If your business has been in operation for a while, there’s a chance your previously successful marketing strategies may be a bit out of touch. Consider your target audience and the ways you’re most likely to reach those consumers. For example, social media is a must to keep up with competition and there are ways you can amp up your strategy in the ever-evolving social space. Whether it’s posting short factoids, long-form information, links to online content or simple images of your products, it can be a productive way to reach your audience.

Reconnect with consumers.

If overhauling marketing strategies or diving headfirst into social media seems like a stretch for your small business, start small. Simply reconnecting with loyal customers may be just what’s needed to rejuvenate the buzz surrounding your company. Try holding a contest for the best customer-submitted content to use online, or create a giveaway for a randomly chosen commenter on your latest social posts. These types of online conversations can attract consumers who may have been previously unaware of your goods or services.

Revive printed materials.

Business cards, flyers, banners, posters, newsletters and any other type of printed materials may be the first impression potential customers have of your company. Using professional, well-designed printed items to let customers know what you do, like those available through The UPS Store, can convey the correct message to consumers that your products or services can meet their needs. Whether you think slight tweaks to your current materials will suffice or a more drastic redesign is necessary, it can help to ask friends, neighbors and even current clients and customers how they feel about the materials you’re using. Pay attention to layout, headlines, colors, white space and even font choices.

Rebrand your business.

It may sound like a lot of work, and it certainly can be, but rebranding your business doesn’t have to mean changing the company name or rethinking product lines. Simply updating logos to appear more modern or rethinking an overused slogan can give your business a fresh vibe. Remember that enhancing the look of something seemingly as small as your logo can make a big difference, especially considering that image is likely the first thing a consumer sees when visiting your social pages or website.

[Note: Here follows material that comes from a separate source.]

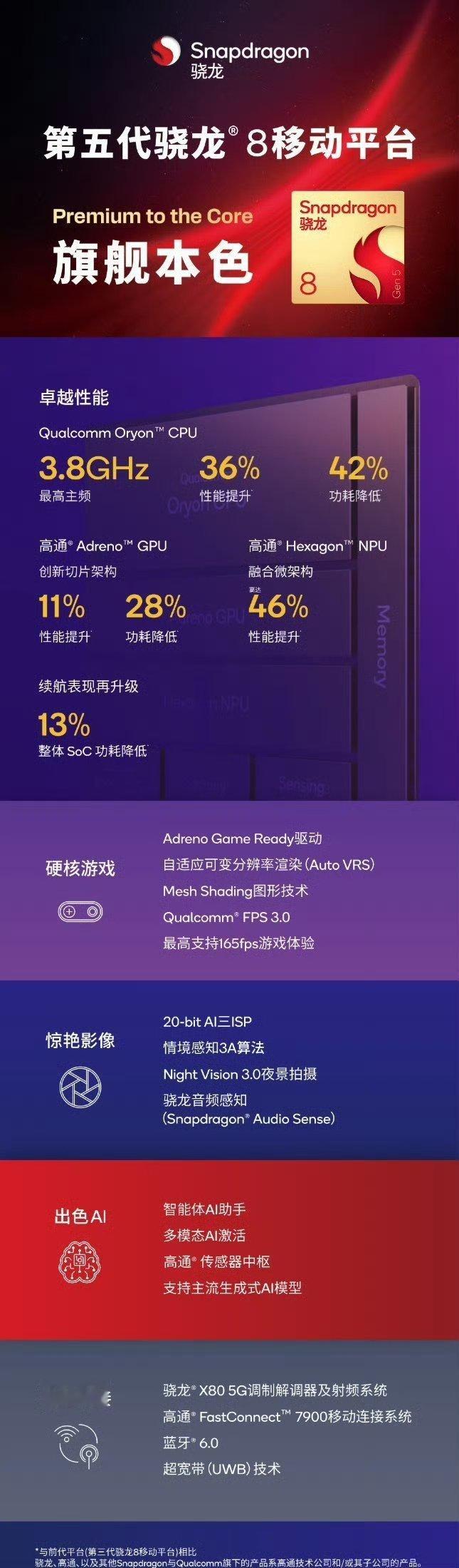 骁龙 8 Gen 5 处理器全部参数:SM8845,将由 12 月的一加 Ace 6T 首发,后续 vivo S50 Pro mini、iQOO、摩托罗拉、魅族的新机也会搭载这枚芯片。- 制程:台积电 3nm N3P,SoC 整体功耗最多降低 13%;- CPU:2×3.8GHz 超级内核 + 6×3.32GHz 性能内核,CPU 性能提升 36%,能效提升 42%,网页浏览响应速度提升 76%;- GPU:Adreno 840 GPU 1200MHz ,GPU 性能提升 11%,能效提升 28%;- 游戏表现:《原神》60fps 极高画质30 分钟平均帧率 60.39fps、《和平精英》120fps 流畅画质 30 分钟平均帧率 119.72fps、《三角洲行动》165fps 流畅画质 60 分钟平均帧率 164.34fps;- NPU:Hexagon NPU 性能提升 46%;- 调制解调器:骁龙 X80,支持 6 根接收天线,5G-Advanced,峰值下行速率 10Gbps,峰值上行速率 3.5 Gbps;- 移动连接系统:FastConnect 7900,6nm 制程,峰值速度 5.8Gbps,支持 Wi-Fi 7、蓝牙 6.0、UWB,相比 FastConnect 7800 节能 40%;- 内存/闪存:支持 4800MHz LPDDR5x 内存,UFS 4.1 闪存。第五代骁龙8一加ace6t

Even companies experiencing success should often weigh the pros and cons of refreshing certain business elements to keep things impactful for current and potential customers. Find more tips and ways to improve your small business at http://www.theupsstore.com.

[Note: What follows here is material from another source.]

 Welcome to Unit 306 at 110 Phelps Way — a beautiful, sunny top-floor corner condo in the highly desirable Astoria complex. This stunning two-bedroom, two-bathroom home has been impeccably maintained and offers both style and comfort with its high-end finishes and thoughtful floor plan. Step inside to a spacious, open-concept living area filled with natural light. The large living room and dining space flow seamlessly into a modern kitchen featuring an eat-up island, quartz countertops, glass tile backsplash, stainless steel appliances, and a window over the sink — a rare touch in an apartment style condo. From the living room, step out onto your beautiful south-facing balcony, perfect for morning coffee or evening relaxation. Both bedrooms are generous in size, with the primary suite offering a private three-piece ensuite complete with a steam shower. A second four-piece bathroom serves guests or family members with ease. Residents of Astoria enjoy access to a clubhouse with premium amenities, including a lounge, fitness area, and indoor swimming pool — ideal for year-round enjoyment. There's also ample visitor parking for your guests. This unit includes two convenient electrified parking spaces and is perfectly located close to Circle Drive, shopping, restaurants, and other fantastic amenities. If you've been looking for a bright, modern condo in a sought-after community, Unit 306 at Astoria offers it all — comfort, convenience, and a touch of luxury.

How retailers can put convenience first

In the race to nab consumers’ attention – and dollars – retailers need to be increasingly creative. Some of the more successful efforts show that retailers must recognize the value shoppers place on convenience. Look for ways to boost convenience for your consumers, such as:

• Considering different methods of fulfillment. Retailers are looking for ways to get their goods to consumers as fast and easy as possible. Exploring technology like online scheduling for pickups, text messaging and other digital communications can make the buying and delivery process easier for customers.

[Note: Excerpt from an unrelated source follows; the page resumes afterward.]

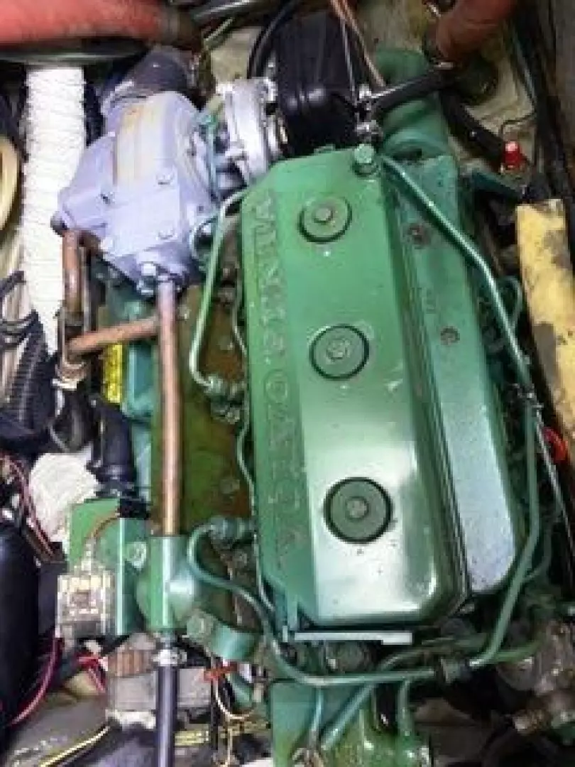 The Hallberg-Rassy 352 is powered by a VOLVO-PENTA MD 2003T Turbo (3) cylinder fresh-water cooled marine diesel that is rated at 43 HP at 3,200 RPM's.Engine access provided through secure-bolted cockpit hatch (for possible removal) & side panels aft

• Multipurpose business centers expanding services and operating in creative locations. One example is The UPS Store; the mainstay shipping services are still a major component but a host of other options are available, from printing and design services to mailboxes and office supplies. Providing consumers with a one-stop shopping experience means less time spent shopping and heightened convenience.

• Be accepting of honest feedback. As hard as you work to make your business successful, it’s always possible there are blind spots. Listen to consumers’ wants, needs, criticisms and comments to learn where your strengths lie and where weaknesses can be fixed.